Выходя из дома, Дайске увидел кое-что настолько ужасное, омерзительное, а главное, нечестное, несправедливое, жестокое, недопустимое, что, уже не сдержавшись, прикрыл своим кимоно лицо Мизуки и сам отвернулся. Из мокро-кровавой земли торчали две выломанные откуда-то палки, имитируя надгробную табличку, на них было выцарапано: «Каору Ямамото». Рядом с горкой на земле лежала мать Мизуки. Руки женщины были все в грязи, крови и ссадинах. Рукава одежды разодраны, голова лежала по самые уши в земле… «Бедная женщина всю ночь рыла могилу собственного мужа, но зачем, она же понимала, что умрет, зачем?» — задумался Дайске. А что сказать Мизуки?! А потом вспомнил слова Седьмого, которые могли внести ясности: «Легко умереть за что-либо дорогое тебе, сложнее — жить ради великой цели, но самое тяжелое — продолжать жить просто так…»

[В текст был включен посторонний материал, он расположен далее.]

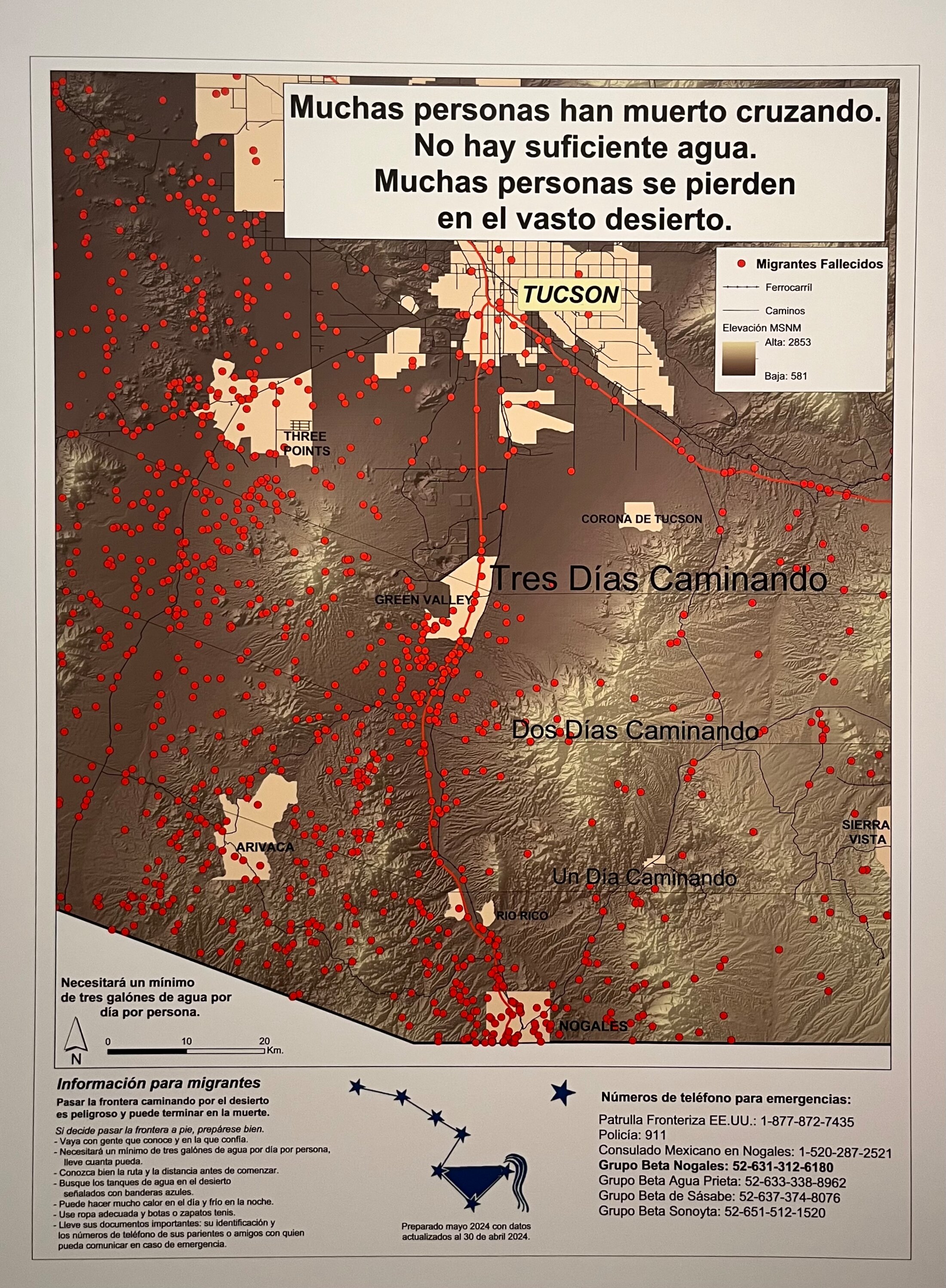 Une carte à l'entrée permet de mesurer l'ampleur du désastre, car chaque point rouge y représente un cadavre desséché ou un tas d'ossements humains (le nombre de morts dans cette seule région est estimé à plus de 4000) et à l'heure où Trump et ses acolytes redoublent d'efforts dans leur chasse aux immigrés, il me semble utile de l'évoquer:

Юноша шел все быстрее и быстрее, минки деревни мелькали по бокам все чаще и чаще, все громче и громче слышалось восклицание: «Изуми, кто-нибудь знает, где Изуми? Изуми!». Вдруг где-то за спиной Дайске послышался нежный голос пожилой дамы.

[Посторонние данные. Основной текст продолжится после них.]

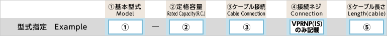 寫真①基本型式②定格容量③ケーブル

— Вы ищете Изуми? — спросила старушка.
— Да, вы знаете, где она? — резко остановился, обернулся и ответил Дайске.
Изуми хотела было сказать, что она та, кого ищет парень, но, увидев Мизуки всю в крови, уставшую и заплаканную, женщина тут же спешно завела обоих внутрь своего дома и приказала положить Мизуки на мягкий футон в центре гостиной. Изуми жила одна в большом доме и любила только Мизуки, они взаимно считали друг друга внучкой и бабушкой, они были очень близки.

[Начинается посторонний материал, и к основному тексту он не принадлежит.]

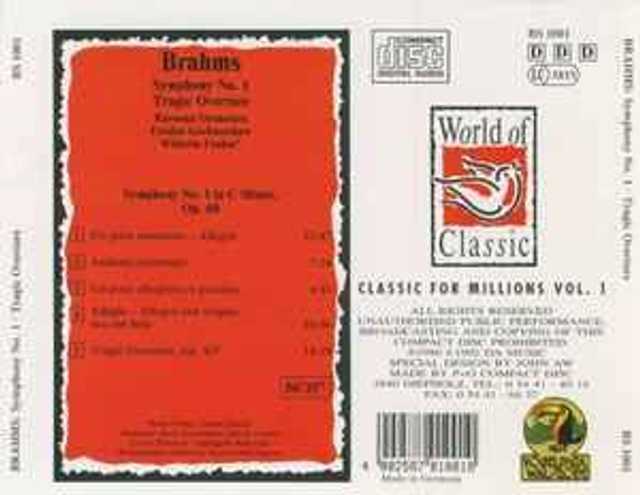 Brahms* – Symphony No. 1 / Tragic Overture Audio CD

— Моя девочка… — нежно, чуть ли не дрожа произнесла Изуми, склонившись над Мизуки.
Когда женщина поцеловала девушку в щеку, она повернулась к Дайске и показала ему рукой на выход.
Двое вышли на улицу. Изуми к большому удивлению Дайске достала из Кимоно трубку то ли с табаком, то ли еще с чем и закурила.
— Как звать? — прервала молчание бабушка Мизуки.
— Дайске… Уннава Дайске.
— Ясно… Ты ее хахаль?
— Да — задумался, но потом гордо ответил, не оставляя девушке и шанса на выбор.
— Где ее родители? — очередная затяжка еще гуще прежнего. Казалось, что теперь деревня, помимо крови, скорби, разрухи, золы и трупов, заполнена еще и дымом…
Дайске просто промолчал, надеясь на проницательность женщины.
— Ясно… — глубокий выдох, больше похожий на дыхание дракона, стихия которого почему-то — дым.
— Вы ее бабушка?
— Неродная…
— Это как?
— Кверху каком. Ты почему Мизуки не защитил, если любишь ее, почему же она вся в слезах?
— Я «контрактник», ну, так сказал Каору Ямамото.
— Хм… Я думала, что это бред старикана Мизуки, возомнившего себя алхимиком, а не инженером… А теперь тут ты. Он был бы рад, если бы не помер.
— Бабуль, что же вы такое говорите, нельзя так о…
— Мертвых? Не бойся, они не будут мстить… Ты же такой же.
— В смысле?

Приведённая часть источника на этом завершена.